(Stored data entries)
◆ ◆ ◆ ◆ ◆

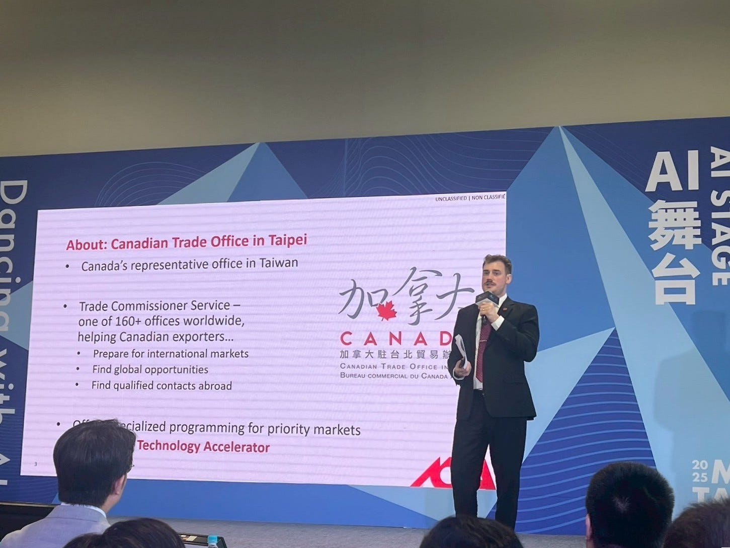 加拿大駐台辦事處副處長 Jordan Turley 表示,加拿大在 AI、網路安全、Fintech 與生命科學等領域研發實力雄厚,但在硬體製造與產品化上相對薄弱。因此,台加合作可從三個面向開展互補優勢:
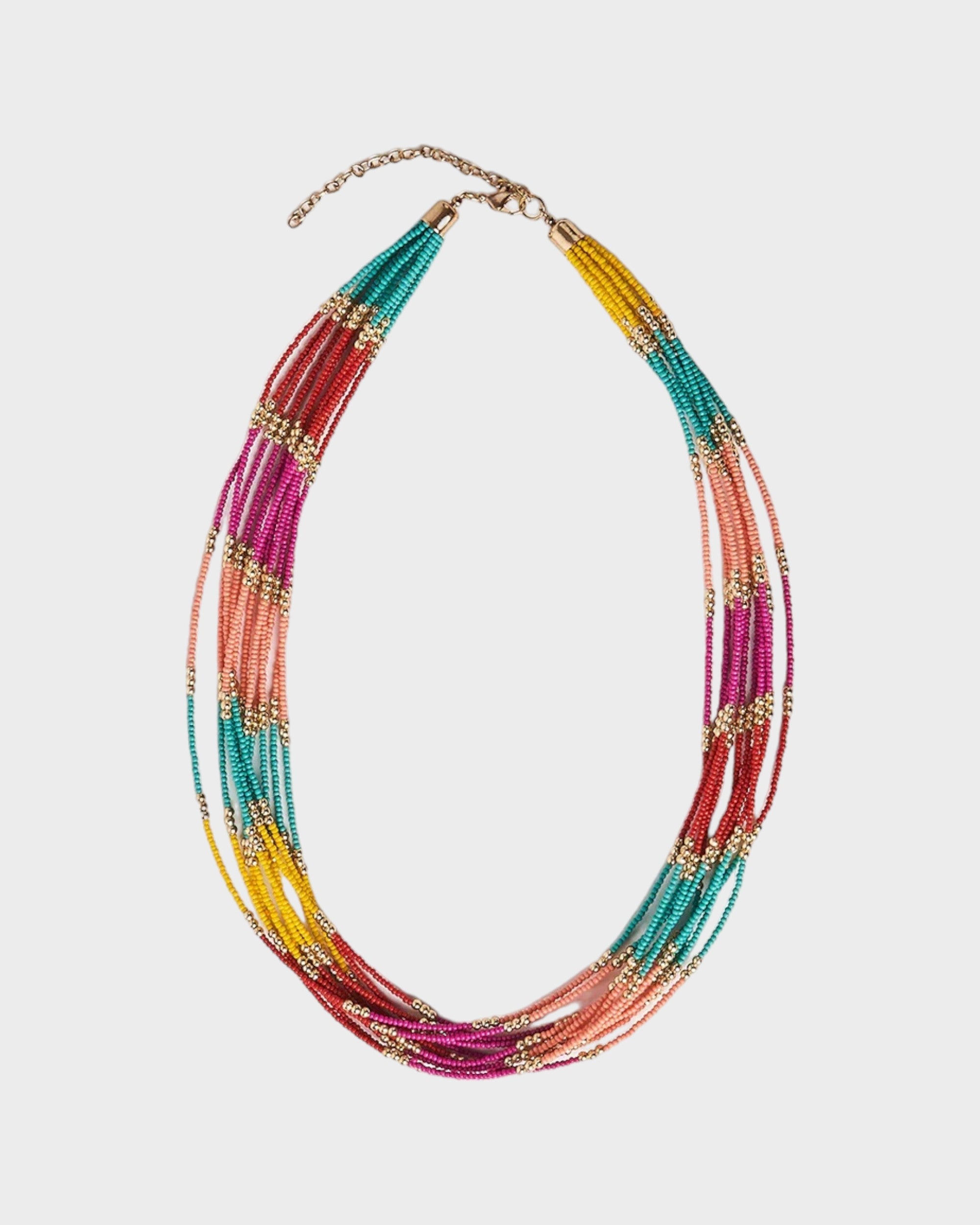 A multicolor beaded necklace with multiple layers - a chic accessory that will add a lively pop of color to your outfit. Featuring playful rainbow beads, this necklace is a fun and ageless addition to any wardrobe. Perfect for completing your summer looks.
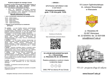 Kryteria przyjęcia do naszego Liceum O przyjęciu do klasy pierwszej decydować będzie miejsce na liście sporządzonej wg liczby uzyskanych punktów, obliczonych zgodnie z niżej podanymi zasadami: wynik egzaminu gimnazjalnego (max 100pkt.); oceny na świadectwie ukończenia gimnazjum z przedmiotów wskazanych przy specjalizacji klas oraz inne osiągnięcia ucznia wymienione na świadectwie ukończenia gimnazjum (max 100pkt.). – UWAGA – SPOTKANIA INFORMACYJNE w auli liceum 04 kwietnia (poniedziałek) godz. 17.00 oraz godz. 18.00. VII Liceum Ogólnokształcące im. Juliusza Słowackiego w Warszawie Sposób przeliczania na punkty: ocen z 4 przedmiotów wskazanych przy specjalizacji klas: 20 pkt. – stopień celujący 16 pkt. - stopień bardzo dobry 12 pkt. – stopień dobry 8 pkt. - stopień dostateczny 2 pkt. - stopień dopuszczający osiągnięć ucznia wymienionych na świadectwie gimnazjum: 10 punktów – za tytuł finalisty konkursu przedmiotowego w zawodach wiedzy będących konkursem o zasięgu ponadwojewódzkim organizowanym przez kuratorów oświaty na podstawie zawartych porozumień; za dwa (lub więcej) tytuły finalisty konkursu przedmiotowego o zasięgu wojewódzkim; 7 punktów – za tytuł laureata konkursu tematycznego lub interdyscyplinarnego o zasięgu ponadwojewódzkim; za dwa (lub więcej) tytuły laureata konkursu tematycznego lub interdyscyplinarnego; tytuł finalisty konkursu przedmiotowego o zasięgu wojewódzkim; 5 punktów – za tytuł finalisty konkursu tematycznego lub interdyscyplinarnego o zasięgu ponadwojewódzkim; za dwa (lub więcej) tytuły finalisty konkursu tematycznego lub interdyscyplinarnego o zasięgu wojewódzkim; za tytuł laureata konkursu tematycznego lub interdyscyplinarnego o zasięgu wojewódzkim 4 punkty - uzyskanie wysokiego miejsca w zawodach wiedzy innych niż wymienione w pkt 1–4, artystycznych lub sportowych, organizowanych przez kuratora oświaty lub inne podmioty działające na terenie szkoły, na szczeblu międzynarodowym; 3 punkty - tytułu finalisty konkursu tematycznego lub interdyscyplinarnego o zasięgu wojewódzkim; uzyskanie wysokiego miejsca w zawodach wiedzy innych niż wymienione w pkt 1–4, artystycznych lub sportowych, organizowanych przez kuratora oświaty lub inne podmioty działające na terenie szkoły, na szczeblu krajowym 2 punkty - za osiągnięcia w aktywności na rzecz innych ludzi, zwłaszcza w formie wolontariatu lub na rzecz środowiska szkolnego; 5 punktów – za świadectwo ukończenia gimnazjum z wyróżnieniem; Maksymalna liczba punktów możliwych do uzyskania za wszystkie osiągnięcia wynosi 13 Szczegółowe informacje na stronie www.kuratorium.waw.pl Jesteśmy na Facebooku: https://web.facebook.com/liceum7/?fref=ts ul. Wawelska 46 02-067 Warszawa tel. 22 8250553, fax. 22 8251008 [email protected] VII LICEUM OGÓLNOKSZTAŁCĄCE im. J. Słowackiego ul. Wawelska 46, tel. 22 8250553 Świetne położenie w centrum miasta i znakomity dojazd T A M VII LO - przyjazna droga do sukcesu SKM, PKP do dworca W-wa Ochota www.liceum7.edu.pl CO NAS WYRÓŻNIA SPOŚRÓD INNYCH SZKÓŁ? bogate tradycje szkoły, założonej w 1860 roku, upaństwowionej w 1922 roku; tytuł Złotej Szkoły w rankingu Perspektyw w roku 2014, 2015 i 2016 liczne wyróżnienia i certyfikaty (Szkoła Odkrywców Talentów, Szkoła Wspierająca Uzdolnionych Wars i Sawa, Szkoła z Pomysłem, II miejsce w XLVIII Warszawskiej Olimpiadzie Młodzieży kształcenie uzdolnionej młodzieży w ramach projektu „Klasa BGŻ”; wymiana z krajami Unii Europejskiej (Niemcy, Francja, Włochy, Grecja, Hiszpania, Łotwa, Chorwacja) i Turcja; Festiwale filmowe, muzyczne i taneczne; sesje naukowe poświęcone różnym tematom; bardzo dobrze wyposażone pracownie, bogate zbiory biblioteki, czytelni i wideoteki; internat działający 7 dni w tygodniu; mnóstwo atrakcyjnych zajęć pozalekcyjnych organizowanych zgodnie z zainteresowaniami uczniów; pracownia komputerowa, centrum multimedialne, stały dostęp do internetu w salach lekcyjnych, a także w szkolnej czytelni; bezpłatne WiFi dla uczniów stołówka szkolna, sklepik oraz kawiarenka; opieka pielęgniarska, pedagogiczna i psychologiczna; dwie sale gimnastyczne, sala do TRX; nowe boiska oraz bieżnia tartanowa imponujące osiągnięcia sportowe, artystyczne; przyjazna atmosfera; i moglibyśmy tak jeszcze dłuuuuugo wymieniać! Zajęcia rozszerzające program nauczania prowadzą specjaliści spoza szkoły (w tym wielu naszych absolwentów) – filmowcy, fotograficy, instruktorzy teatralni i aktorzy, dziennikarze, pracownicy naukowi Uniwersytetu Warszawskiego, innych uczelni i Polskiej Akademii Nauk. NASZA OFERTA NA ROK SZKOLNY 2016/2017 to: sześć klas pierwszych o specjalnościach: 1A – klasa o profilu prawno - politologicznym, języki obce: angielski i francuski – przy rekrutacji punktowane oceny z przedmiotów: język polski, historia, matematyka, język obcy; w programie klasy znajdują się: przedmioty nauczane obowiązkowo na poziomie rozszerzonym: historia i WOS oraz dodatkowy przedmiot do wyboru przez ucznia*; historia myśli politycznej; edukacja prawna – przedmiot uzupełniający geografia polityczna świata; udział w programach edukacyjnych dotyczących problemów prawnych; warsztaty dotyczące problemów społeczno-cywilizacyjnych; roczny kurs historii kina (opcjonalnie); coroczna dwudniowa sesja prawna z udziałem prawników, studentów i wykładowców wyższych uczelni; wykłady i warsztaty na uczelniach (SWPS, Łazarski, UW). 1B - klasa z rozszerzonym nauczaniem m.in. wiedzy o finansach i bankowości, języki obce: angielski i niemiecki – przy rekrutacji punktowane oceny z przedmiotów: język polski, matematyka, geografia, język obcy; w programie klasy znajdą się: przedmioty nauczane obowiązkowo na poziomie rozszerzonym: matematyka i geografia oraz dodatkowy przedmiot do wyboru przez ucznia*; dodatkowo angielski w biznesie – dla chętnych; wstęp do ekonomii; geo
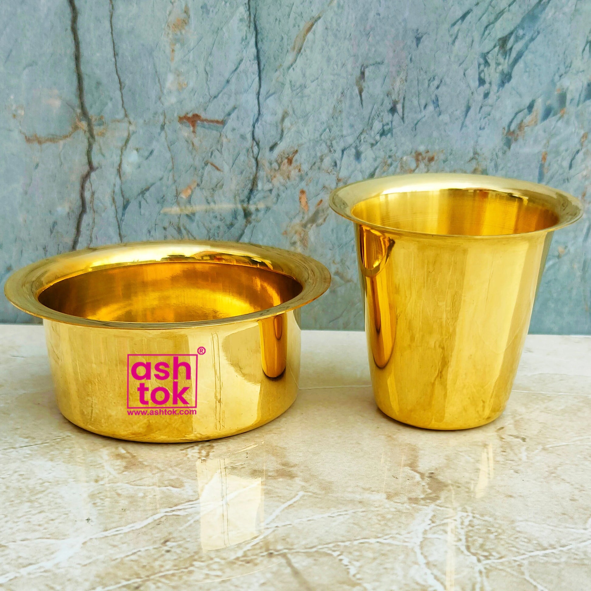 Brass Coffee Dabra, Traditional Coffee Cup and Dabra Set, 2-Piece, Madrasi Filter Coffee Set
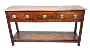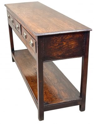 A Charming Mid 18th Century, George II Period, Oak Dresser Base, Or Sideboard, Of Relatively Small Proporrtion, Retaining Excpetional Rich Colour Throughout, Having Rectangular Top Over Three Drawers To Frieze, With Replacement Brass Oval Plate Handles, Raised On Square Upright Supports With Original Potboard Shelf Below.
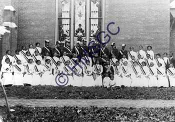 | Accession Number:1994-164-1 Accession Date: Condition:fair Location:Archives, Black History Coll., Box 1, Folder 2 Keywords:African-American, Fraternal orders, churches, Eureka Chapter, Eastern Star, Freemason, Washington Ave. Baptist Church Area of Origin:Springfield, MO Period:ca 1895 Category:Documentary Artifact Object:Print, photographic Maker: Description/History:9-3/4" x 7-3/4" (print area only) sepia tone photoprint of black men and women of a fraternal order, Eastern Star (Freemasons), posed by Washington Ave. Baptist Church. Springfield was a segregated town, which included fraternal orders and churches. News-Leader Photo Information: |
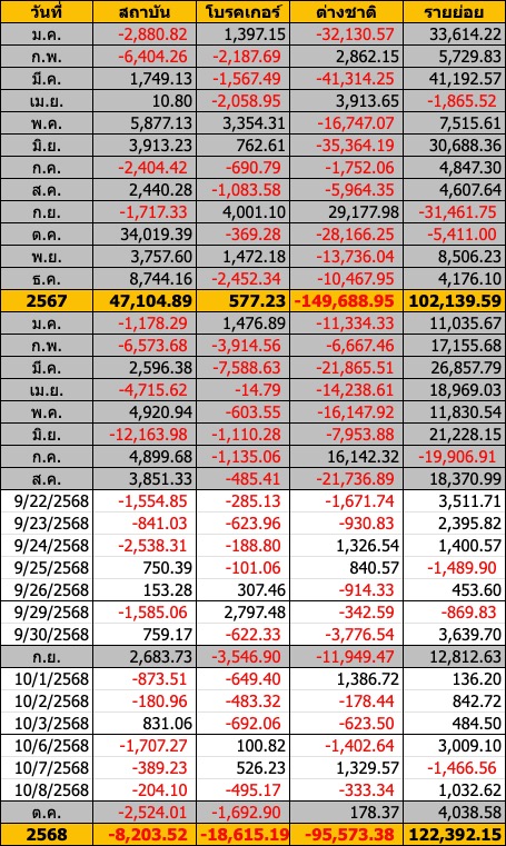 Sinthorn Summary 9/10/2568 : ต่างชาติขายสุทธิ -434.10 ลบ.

◆ ◆ ◆ ◆ ◆

Task item
Leave the pictures out and repeat exactly the lines from the beginning of the records to the line bearing "A multicolor beaded", both ends counted.

Response to the exercise
 加拿大駐台辦事處副處長 Jordan Turley 表示,加拿大在 AI、網路安全、Fintech 與生命科學等領域研發實力雄厚,但在硬體製造與產品化上相對薄弱。因此,台加合作可從三個面向開展互補優勢:
 A multicolor beaded necklace with multiple layers - a chic accessory that will add a lively pop of color to your outfit. Featuring playful rainbow beads, this necklace is a fun and ageless addition to any wardrobe. Perfect for completing your summer looks.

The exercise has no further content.